Dataset items:
****************************************
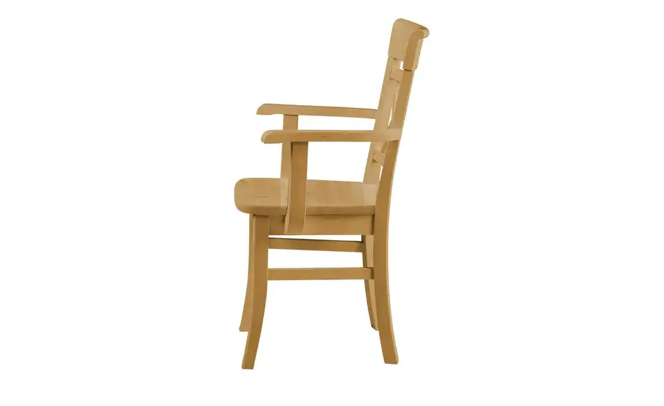 Dieser Esszimmerstuhl wird Ihre Innenausstattung bereichern. Der Stuhl der Marke maison bleue besitzt gemütliche Armstützen, die den Komfort erhöhen und die individuelle Wohlfühlposition sichern. Das Modell Florian kann auch optisch durch sein ländliches Design punkten. Bei dem Material des Gestelles handelt es sich um hellbraunes Massivholz. Das Gesamtstellmaß des Stuhls beträgt 61 x 94 x 43 cm. Hier nimmt jeder immer wieder gerne Platz.Lieferung & Versand
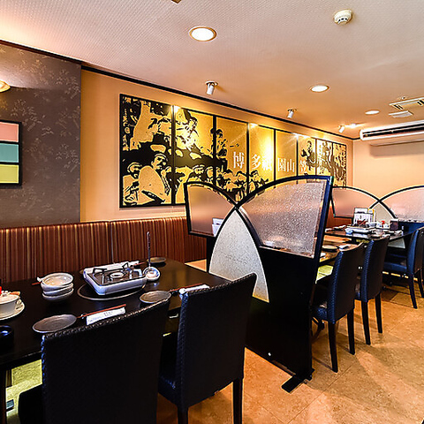 博多名物もつ鍋を気取らず楽しんで頂けるテーブル席は、本店の2階!壁面は山笠の勇壮な絵で博多らしさを演出しています。桜ユッケや博多焼ぎょうざなどのメニューもご用意!
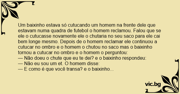 Um baixinho estava só cutucando um homem na frente dele que estavam numa quadra de futebol o homem reclamou. Falou que se ele o cutucasse novamente ele o chutaria no seu saco para ele cai bem longe mesmo. Depois de o homem reclamar ele continuou a cutucar no ombro e o homem o chutou no saco mas o baixinho tornou a cutucar no ombro e o homem o perguntou:
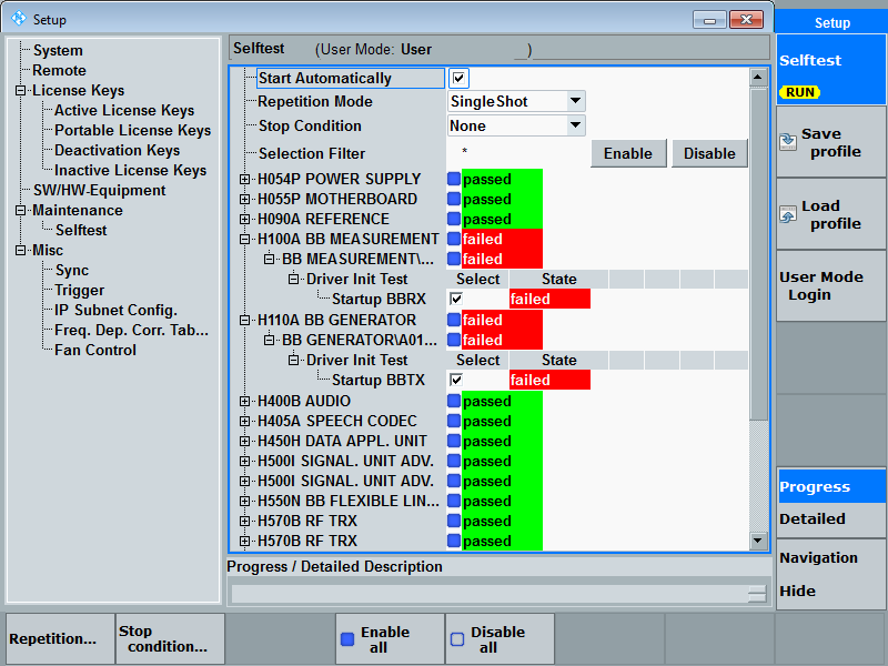 c.) SSCU沒有啟動完成,前面板的status燈不是綠色,而是黃色或者紅色,這種情況需要聯(lián)系R&S技術服務人員;
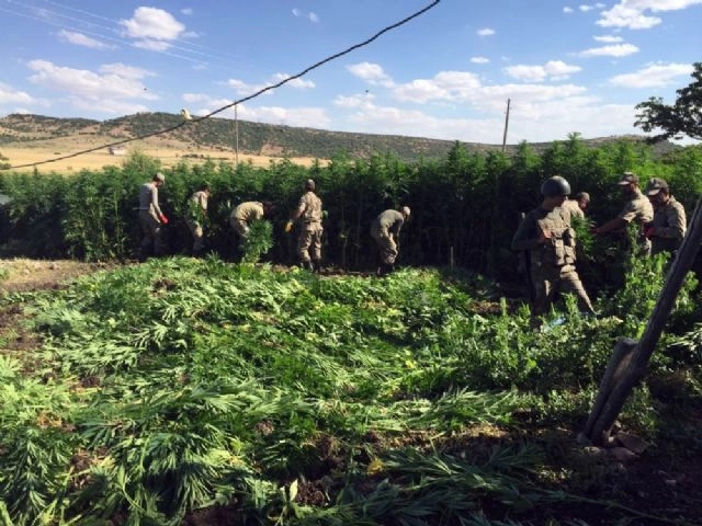 Diyarbakır'ın 6 ilçesine bağlı 104 köyde ilan edilen sokağa çıkma yasağının ardından bin 528 kilometrekarelik alanda sürdürülen operasyonlarda PKK'ya darbe üstüne darbe vuruluyor. Asker ile polisin beraber düzenlediği operasyonlarda teröristlerin kullandığı mağara ve sığınaklar teker teker imha ediliyor. Diyarbakır Valiliği tarafından yapılan açıklamada 6 ilçeye bağlı 104 köy ve mezrada toplam bin 528 kilometrekarelik alanda aralarında üst düzey örgüt yöneticilerin de bulunduğu değerlendirilen bölücü terör örgütü mensuplarını etkisiz hale getirmek, bölücü terör örgütü ile yasa dışı uyuşturucu üretimi ve ticareti yapanlar arasında var olan bağı somut deliller ile ortaya koymak, operasyon bölgesi içerisinde saklanan uyuşturucu maddeleri ve bunları gizleyenleri bularak adalete teslim etmek, bölgede bulunan yerleşim yerlerinde tespit edilen işbirlikçiler ve aranan şahısları yakalamak maksadıyla, 14 Komando Taburu, bin 199 Polis Özel Harekat personeli ve bin 442 Güvenlik Korucusu olmak üzere toplam 7 bin 742 güvenlik personelinin katılımıyla 28 Mayıs 2017 Pazar günü saat 22.00'dan itibaren başlatılan Bayrak-54 Şehit Jandarma Yüzbaşı Fuat Oğuzcan Müşterek Birlik Operasyonu'nun devam ettiği belirtildi. Açıklamada "16 Haziran 2017 Cuma günü icra edilen operasyon kapsamında; emniyet müdürlüğü personelince müşterek oluşturulan 33 yol kontrol noktasında (YKN) yapılan kontrol neticesinde; 49 araç ve 271 şahsın sorgulaması yapılmış, yapılan sorgulamalar sonucu yoklama kaçağı olduğu tespit edilen 3 şahıs yakalanarak, 1111 Sayılı Askerlik Kanunu gereğince tebligat yapılmasını müteakip serbest bırakılmış, 2'si 'uyuşturucu ve uyarıcı madde ticareti yapma veya sağlama' suçundan, 1'i 'bölücü terör örgütü işbirlikçisi' olarak faaliyet yürütmekten aranma kaydı bulunan toplam 3 şahıs gözaltına alınmıştır" denildi.SIĞINAK VE MAĞARALAR İMHA EDİLDİValilik tarafından yapılan açıklamada, adli makamlardan alınan kararlara istinaden 13 köy ve 2 mezrada toplam 88 ev ve eklentilerinde adli arama faaliyeti icra edildiği belirtildi. Kırsalda yapılan aramalarda ise 1 mağara ve 3 sığınak tespit edildiğinin belirtildiği açıklamada, "Bölücü terör örgütü mensuplarına ait 1 mağara, 3 sığınak içinde ve çevresinde yapılan detaylı aramada; 6 adet jelikan bidon, 2 adet muhtelif marka tabanca şarjörü, 6 çift mekap ayakkabı, 50 kilogram un, 5 kilogram makarna, 3 kilogram reçel, 4 adet 500 mililitrelik serum, muhtelif yiyecek maddeleri ve bir miktar yaşam malzemesi ele geçirilmiş, Cumhuriyet Savcılığının talimatı gereğince tespit edilen mağara ve sığınaklar kullanılmaz hale getirilmiş, sığınaklar içerisinde bulunan çok sayıda örgütsel doküman ile yaşam ve giyim malzemeleri yerinde imha edilmiştir" ifadeleri kullanıldı.TESPİT EDİLEN EYP KONTROLLÜ OLARAK PATLATILDIValilik açıklamasında, teröristler tarafından tuzaklanan bir EYP'nin tespit edilerek kontrollü olarak patlatıldığı bildirildi. Açıklamada, "Silvan iiçesi Dolaplıdere köyü kuzeyindeki Erkenciler mezrası yol ayrımı mevkiindeki karayolu kenarına 1 adet 12 kilogramlık tüp içerisine yaklaşık 50 kilogram amonyum nitrat ve şeker ile güçlendirilerek hazırlanmayı müteakip yerleştirilmiş olan EYP düzeneği operasyon birliklerince tespit edilmesi sonrasında Patlayıcı Madde İmha Timi tarafından yerinden çıkarılarak, emniyetli bir bölgede tahrip edilmiştir. Narko-terörizmle mücadele kapsamında; 121 kilo 75 gram kubar, 239 kilo 9 gram toz olmak üzere toplam 361 kilo 65 gram uyuşturucu maddesi ile 196 bin 870 kök kenevir bitkisi ele geçirilmiş olup, kenevir bitkileri numune alınmasını müteakip, Cumhuriyet Savcılığının talimatı gereğince yerinde imha edilmiş, kubar maddesi muhafaza altına, 4 şahıs ise gözaltına alınmıştır. Bölgemizde yaşayan vatandaşların huzur ve güvenliğinin sağlanması ve teröristle mücadele kapsamında yürütülen operasyonel faaliyetlere artan bir azim ve kararlılıkla devam edilmektedir" denildi.
****************************************
- _Prompt_
Return all records exactly as they stand above, except for pictures.

- _Response to this task_
 Dieser Esszimmerstuhl wird Ihre Innenausstattung bereichern. Der Stuhl der Marke maison bleue besitzt gemütliche Armstützen, die den Komfort erhöhen und die individuelle Wohlfühlposition sichern. Das Modell Florian kann auch optisch durch sein ländliches Design punkten. Bei dem Material des Gestelles handelt es sich um hellbraunes Massivholz. Das Gesamtstellmaß des Stuhls beträgt 61 x 94 x 43 cm. Hier nimmt jeder immer wieder gerne Platz.Lieferung & Versand
 博多名物もつ鍋を気取らず楽しんで頂けるテーブル席は、本店の2階!壁面は山笠の勇壮な絵で博多らしさを演出しています。桜ユッケや博多焼ぎょうざなどのメニューもご用意!
 Um baixinho estava só cutucando um homem na frente dele que estavam numa quadra de futebol o homem reclamou. Falou que se ele o cutucasse novamente ele o chutaria no seu saco para ele cai bem longe mesmo. Depois de o homem reclamar ele continuou a cutucar no ombro e o homem o chutou no saco mas o baixinho tornou a cutucar no ombro e o homem o perguntou:
 c.) SSCU沒有啟動完成,前面板的status燈不是綠色,而是黃色或者紅色,這種情況需要聯(lián)系R&S技術服務人員;
 Diyarbakır'ın 6 ilçesine bağlı 104 köyde ilan edilen sokağa çıkma yasağının ardından bin 528 kilometrekarelik alanda sürdürülen operasyonlarda PKK'ya darbe üstüne darbe vuruluyor. Asker ile polisin beraber düzenlediği operasyonlarda teröristlerin kullandığı mağara ve sığınaklar teker teker imha ediliyor. Diyarbakır Valiliği tarafından yapılan açıklamada 6 ilçeye bağlı 104 köy ve mezrada toplam bin 528 kilometrekarelik alanda aralarında üst düzey örgüt yöneticilerin de bulunduğu değerlendirilen bölücü terör örgütü mensuplarını etkisiz hale getirmek, bölücü terör örgütü ile yasa dışı uyuşturucu üretimi ve ticareti yapanlar arasında var olan bağı somut deliller ile ortaya koymak, operasyon bölgesi içerisinde saklanan uyuşturucu maddeleri ve bunları gizleyenleri bularak adalete teslim etmek, bölgede bulunan yerleşim yerlerinde tespit edilen işbirlikçiler ve aranan şahısları yakalamak maksadıyla, 14 Komando Taburu, bin 199 Polis Özel Harekat personeli ve bin 442 Güvenlik Korucusu olmak üzere toplam 7 bin 742 güvenlik personelinin katılımıyla 28 Mayıs 2017 Pazar günü saat 22.00'dan itibaren başlatılan Bayrak-54 Şehit Jandarma Yüzbaşı Fuat Oğuzcan Müşterek Birlik Operasyonu'nun devam ettiği belirtildi. Açıklamada "16 Haziran 2017 Cuma günü icra edilen operasyon kapsamında; emniyet müdürlüğü personelince müşterek oluşturulan 33 yol kontrol noktasında (YKN) yapılan kontrol neticesinde; 49 araç ve 271 şahsın sorgulaması yapılmış, yapılan sorgulamalar sonucu yoklama kaçağı olduğu tespit edilen 3 şahıs yakalanarak, 1111 Sayılı Askerlik Kanunu gereğince tebligat yapılmasını müteakip serbest bırakılmış, 2'si 'uyuşturucu ve uyarıcı madde ticareti yapma veya sağlama' suçundan, 1'i 'bölücü terör örgütü işbirlikçisi' olarak faaliyet yürütmekten aranma kaydı bulunan toplam 3 şahıs gözaltına alınmıştır" denildi.SIĞINAK VE MAĞARALAR İMHA EDİLDİValilik tarafından yapılan açıklamada, adli makamlardan alınan kararlara istinaden 13 köy ve 2 mezrada toplam 88 ev ve eklentilerinde adli arama faaliyeti icra edildiği belirtildi. Kırsalda yapılan aramalarda ise 1 mağara ve 3 sığınak tespit edildiğinin belirtildiği açıklamada, "Bölücü terör örgütü mensuplarına ait 1 mağara, 3 sığınak içinde ve çevresinde yapılan detaylı aramada; 6 adet jelikan bidon, 2 adet muhtelif marka tabanca şarjörü, 6 çift mekap ayakkabı, 50 kilogram un, 5 kilogram makarna, 3 kilogram reçel, 4 adet 500 mililitrelik serum, muhtelif yiyecek maddeleri ve bir miktar yaşam malzemesi ele geçirilmiş, Cumhuriyet Savcılığının talimatı gereğince tespit edilen mağara ve sığınaklar kullanılmaz hale getirilmiş, sığınaklar içerisinde bulunan çok sayıda örgütsel doküman ile yaşam ve giyim malzemeleri yerinde imha edilmiştir" ifadeleri kullanıldı.TESPİT EDİLEN EYP KONTROLLÜ OLARAK PATLATILDIValilik açıklamasında, teröristler tarafından tuzaklanan bir EYP'nin tespit edilerek kontrollü olarak patlatıldığı bildirildi. Açıklamada, "Silvan iiçesi Dolaplıdere köyü kuzeyindeki Erkenciler mezrası yol ayrımı mevkiindeki karayolu kenarına 1 adet 12 kilogramlık tüp içerisine yaklaşık 50 kilogram amonyum nitrat ve şeker ile güçlendirilerek hazırlanmayı müteakip yerleştirilmiş olan EYP düzeneği operasyon birliklerince tespit edilmesi sonrasında Patlayıcı Madde İmha Timi tarafından yerinden çıkarılarak, emniyetli bir bölgede tahrip edilmiştir. Narko-terörizmle mücadele kapsamında; 121 kilo 75 gram kubar, 239 kilo 9 gram toz olmak üzere toplam 361 kilo 65 gram uyuşturucu maddesi ile 196 bin 870 kök kenevir bitkisi ele geçirilmiş olup, kenevir bitkileri numune alınmasını müteakip, Cumhuriyet Savcılığının talimatı gereğince yerinde imha edilmiş, kubar maddesi muhafaza altına, 4 şahıs ise gözaltına alınmıştır. Bölgemizde yaşayan vatandaşların huzur ve güvenliğinin sağlanması ve teröristle mücadele kapsamında yürütülen operasyonel faaliyetlere artan bir azim ve kararlılıkla devam edilmektedir" denildi.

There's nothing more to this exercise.